Refining recruitment tools

This questionnaire “facilitated the early identification of many potential participants who were unlikely to be eligible for the trial,” the team wrote. Out of 4,605 entries in the online portal, 3,080 (67%) of the patients were automatically informed that they were not eligible for the study — mainly due to age or travel restrictions.

“Contacting 3000 ineligible patients would have been an enormous use of precious resource,” the researchers wrote. “Empowering candidates to quickly determine their own eligibility also importantly avoids the inevitable dissatisfaction of ineligible patients waiting many weeks to be contacted by a member of the trial team.”

Despite the use of this self-screening, only 40% of potential participants in MS-STAT2 were deemed eligible for the study after a screening call with a researcher. A similar proportion (39%) of eligible participants was reported in MS-SMART.

“With each pre-screening discussion typically taking up to 30 [minutes], across the two trials, we estimate over 500 [hours] of specialist clinician time was spend discussing the studies with ultimately ineligible candidates,” the researchers wrote.

As a possible explanation for similar rates of eligibility, the team noted that only 51% of patients in MS-STAT2 were referred through the online portal, so the other 49% did not complete the self-screen.

Based on these findings, the scientists recommended that “all potential participants, regardless of their referral source, should be directed to a mandatory trial online portal, including a self-screening questionnaire.”

The team also noted that for patients ultimately deemed ineligible, the most common reasons were related to logistics and travel. They highlighted the importance of including details about travel requirements in the self-screen questionnaire.

“The number of appointments requiring face to face attendance should be detailed. … Potential participants should then be asked to indicate, as part of self-screening, whether they feel able to meet the burden of visits required by the trial, and whether they have considered the logistics of regular travel to the trial sites,” the team wrote.

In MS-SMART and MS-STAT2, the final stage before enrollment was an in-person assessment. The percentage of patients who attended these meetings was 75% in MS-SMART, and 94% in MS-STAT2. This difference was mainly attributed to reminder texts before the meeting being incorporated in the latter trial.

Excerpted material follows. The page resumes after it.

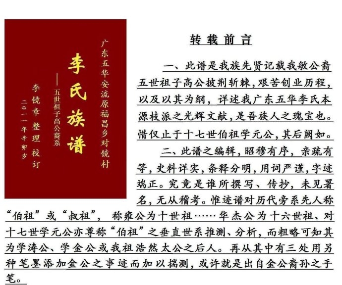 广东五华安流原福昌乡对镜村李氏族谱
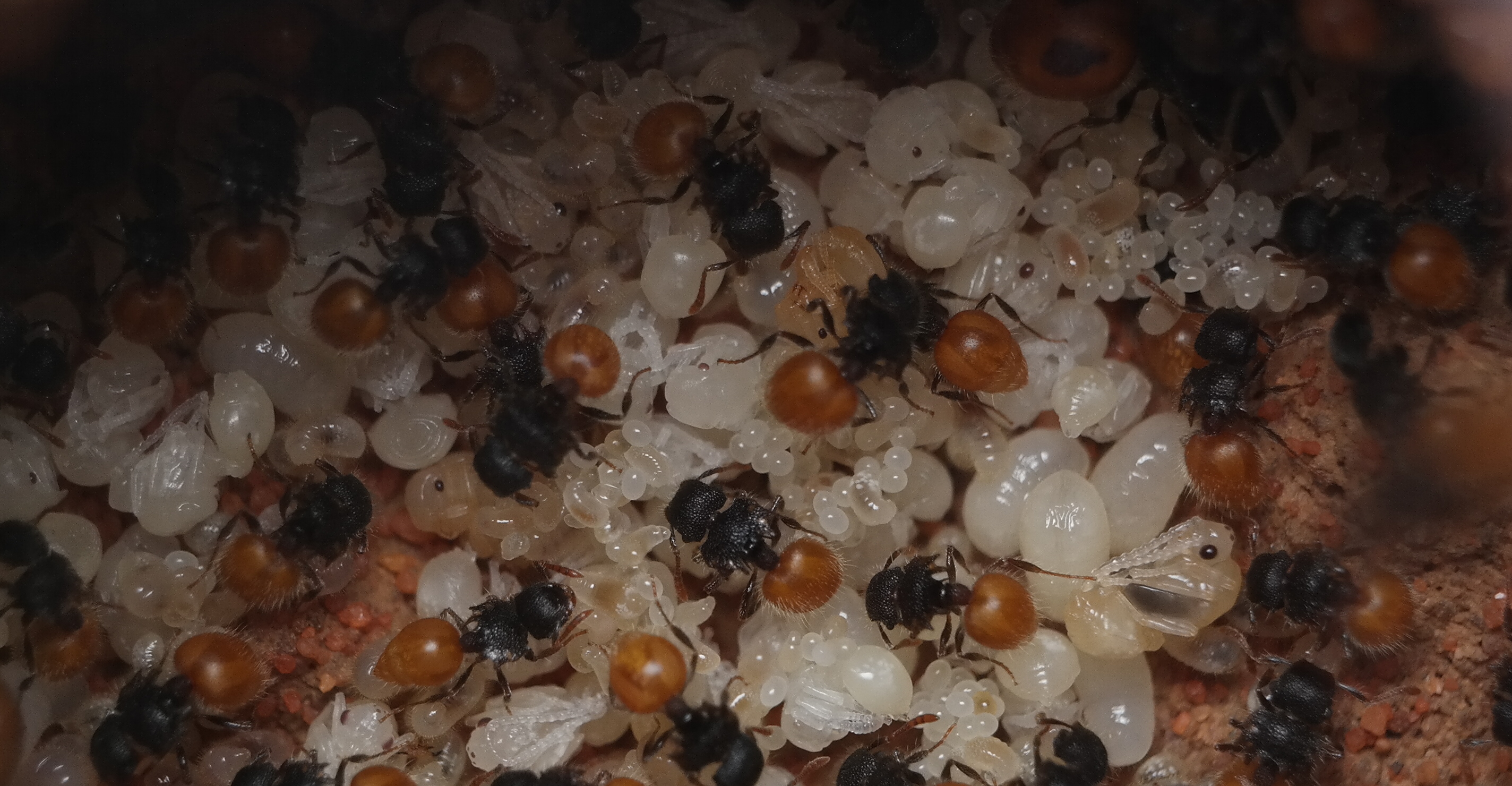 2019 habe ich eine winzige Kolonie der Art mit zwei Königinnen und etwa 5 Arbeiterinnen bekommen. Die Kolonie ist mit der Zeit stetig gewachsen, und pendelte sich irgendwann bei ein paar hundert Arbeiterinnen ein.

While the MS-STAT2 trial was recruiting, a number of local and national events were put on to publicize the study. Analyses of online portal entry completions showed marked spikes when the trial was publicized nationally (on BBC) and some smaller spikes when it appeared in newspaper stories, whereas local events showed no clear effect.

“This suggests that for large trials, publicity efforts should be focussed on achieving coverage in national media outlets,” the researchers concluded.